About this exercise:
Give the data again word for word; drop the pictures.

Given records:
━━━━━━━━━━━━━━━━━━━━
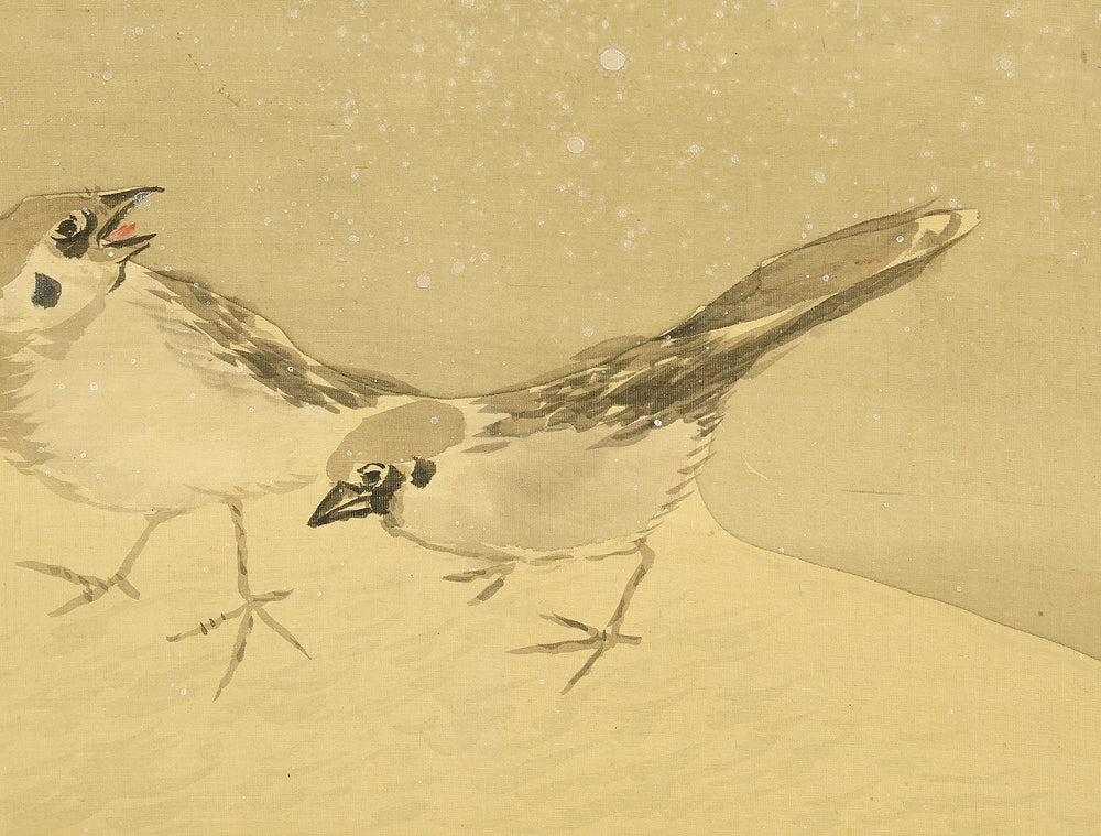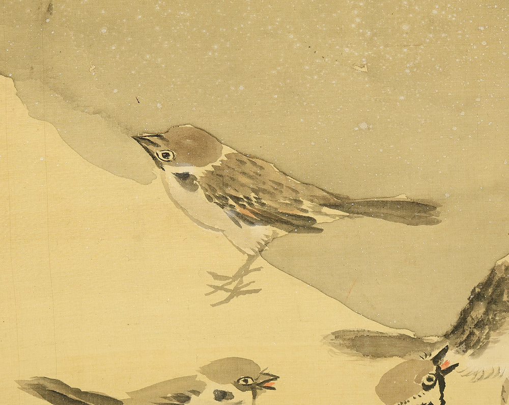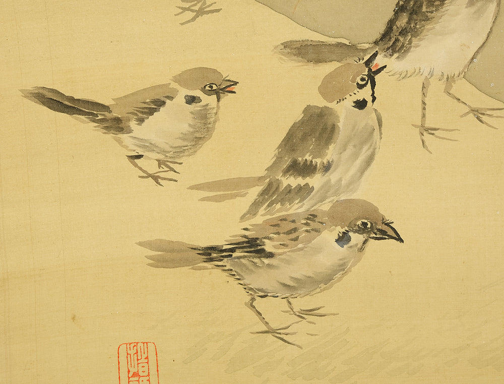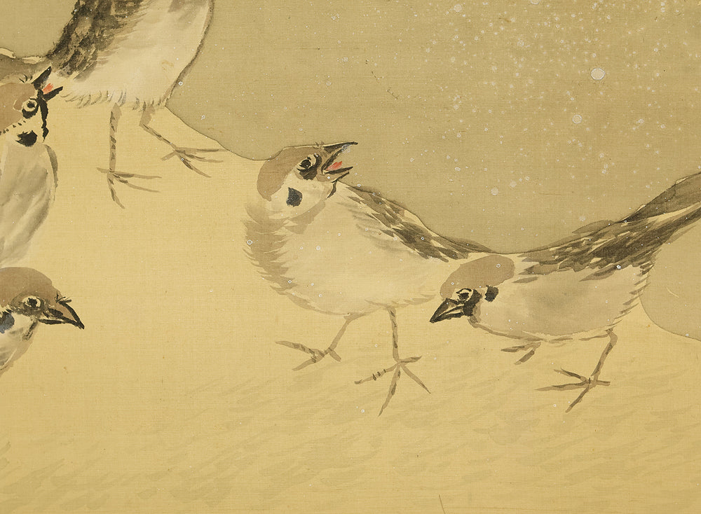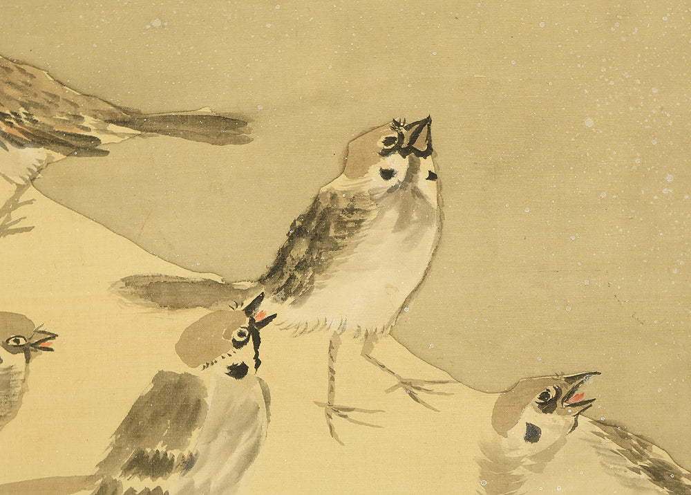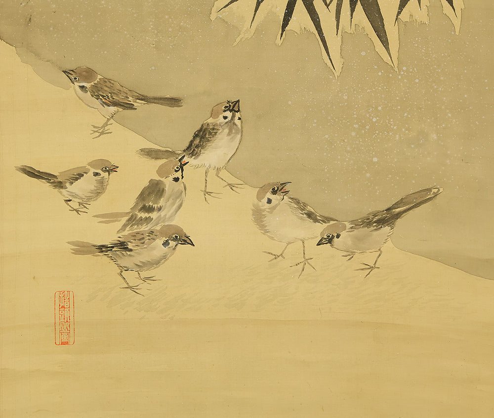 This evocative hanging scroll by Ajikata Kaizan (1863–1942) depicts a tranquil winter scene: a diagonal sweep of bamboo above a cluster of seven sparrows gathered on snowy ground. The composition is rendered in soft ink tones, with delicate gradations suggesting snowfall and quietude. What sets this work apart is Kaizan’s remarkable technique—painted entirely with his fingertips, not a brush—imbuing the forms with a tactile immediacy and rhythmic spontaneity. Signed “Kaizan Shito saku” (海山指頭作) and sealed “Ajikata Kaizan” (味方海山), the scroll reflects Kaizan’s deep roots in Nanga (literati painting), inherited from his mentor Tanomura Chokunyu, yet transformed through his personal, unconventional method. The sparrows, symbols of resilience and companionship, paired with the bamboo’s quiet strength, evoke a mood of gentle endurance—an elegant fusion of technique, symbolism, and seasonal poetry.
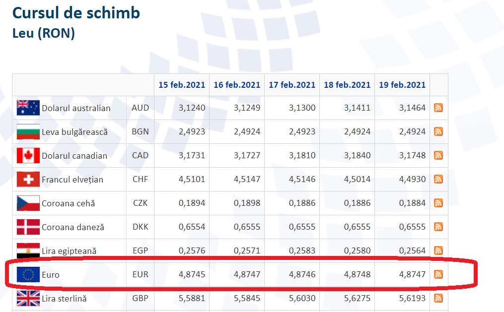 Curs valutar BNR, azi 19 februarie. Banca Națională a anunțat și vineri un curs oficial în stagnare pentru euro. De fapt, toată săptămâna cursul euro-leu a fost înghețat la valoarea de 4,8745-48 lei, după cum se poate vedea în imaginea de mai jos:
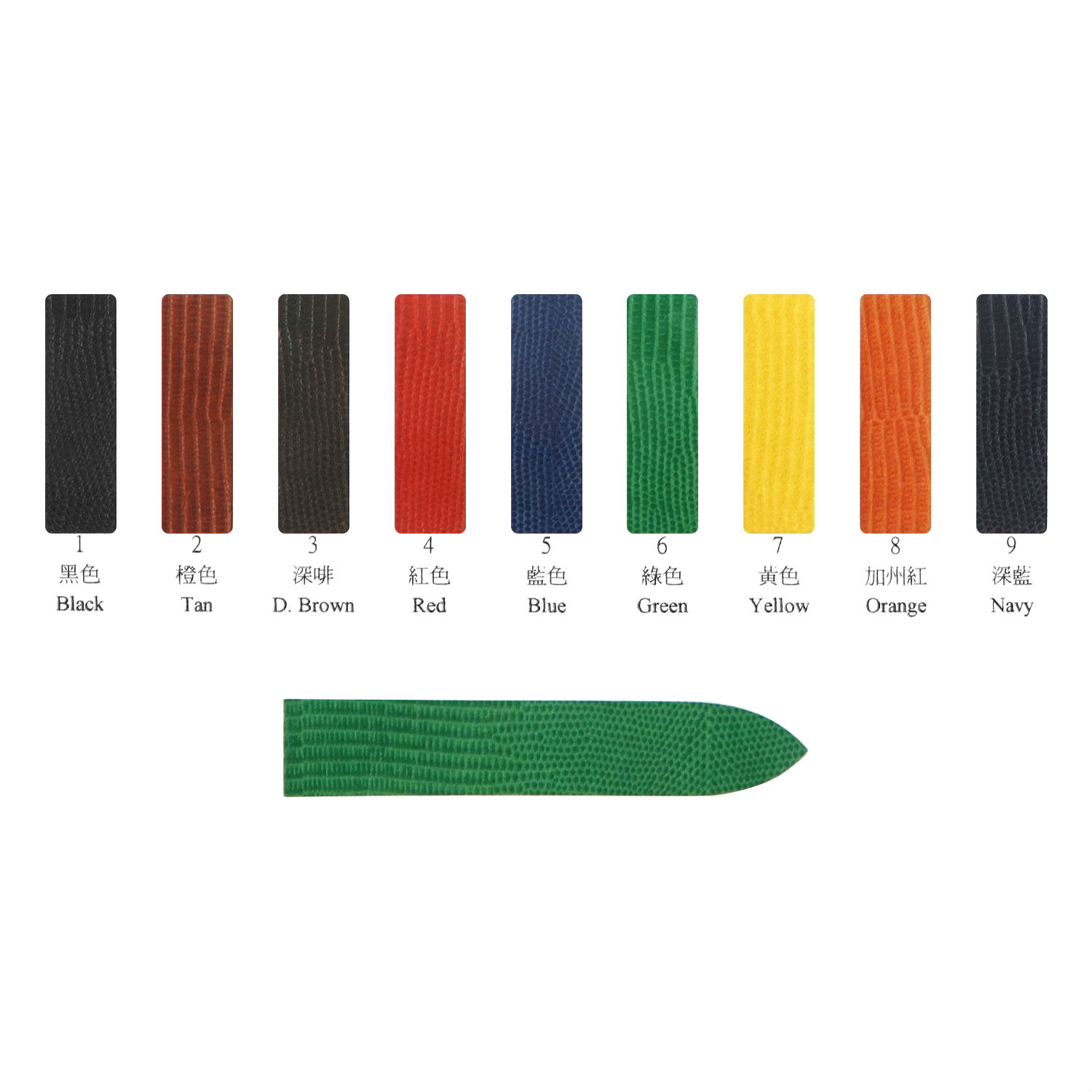 - A watch band embossed with lizard grain (Cono Lizard Print #98).
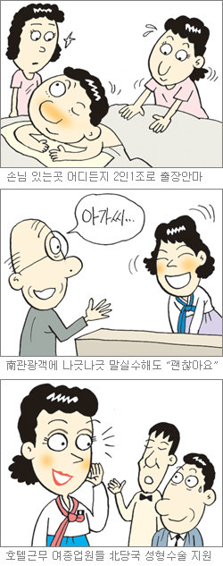 ▽북측여성도 성형미인?=양각도호텔 식당에서 봉사원으로 활동하는 한 여성은 “유달리 북측 여성들은 쌍꺼풀이 있는 사람이 많다”는 기자의 질문에 “장군님(김정일 국방위원장 지칭)께서 원하는 사람들 모두에게 쌍꺼풀 수술과 코 높이는 수술을 해줬습니다”라고 말했다.
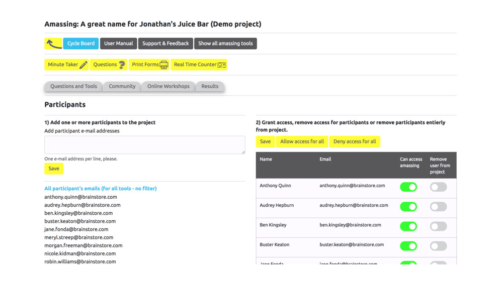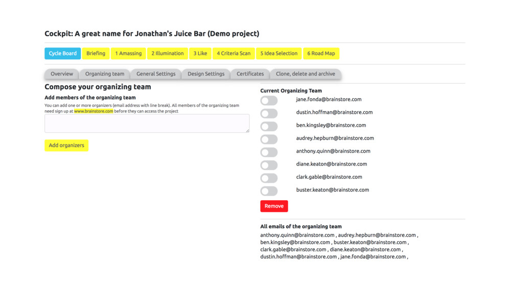 To add members of the organizing team and participants simply add the email address. You can add multiple people at the same time by adding a list of email addresses. Entries need to be separated with "enter".
━━━━━━━━━━━━━━━━━━━━
Finished task:
 This evocative hanging scroll by Ajikata Kaizan (1863–1942) depicts a tranquil winter scene: a diagonal sweep of bamboo above a cluster of seven sparrows gathered on snowy ground. The composition is rendered in soft ink tones, with delicate gradations suggesting snowfall and quietude. What sets this work apart is Kaizan’s remarkable technique—painted entirely with his fingertips, not a brush—imbuing the forms with a tactile immediacy and rhythmic spontaneity. Signed “Kaizan Shito saku” (海山指頭作) and sealed “Ajikata Kaizan” (味方海山), the scroll reflects Kaizan’s deep roots in Nanga (literati painting), inherited from his mentor Tanomura Chokunyu, yet transformed through his personal, unconventional method. The sparrows, symbols of resilience and companionship, paired with the bamboo’s quiet strength, evoke a mood of gentle endurance—an elegant fusion of technique, symbolism, and seasonal poetry.
 Curs valutar BNR, azi 19 februarie. Banca Națională a anunțat și vineri un curs oficial în stagnare pentru euro. De fapt, toată săptămâna cursul euro-leu a fost înghețat la valoarea de 4,8745-48 lei, după cum se poate vedea în imaginea de mai jos:
 - A watch band embossed with lizard grain (Cono Lizard Print #98).
 ▽북측여성도 성형미인?=양각도호텔 식당에서 봉사원으로 활동하는 한 여성은 “유달리 북측 여성들은 쌍꺼풀이 있는 사람이 많다”는 기자의 질문에 “장군님(김정일 국방위원장 지칭)께서 원하는 사람들 모두에게 쌍꺼풀 수술과 코 높이는 수술을 해줬습니다”라고 말했다.
 To add members of the organizing team and participants simply add the email address. You can add multiple people at the same time by adding a list of email addresses. Entries need to be separated with "enter".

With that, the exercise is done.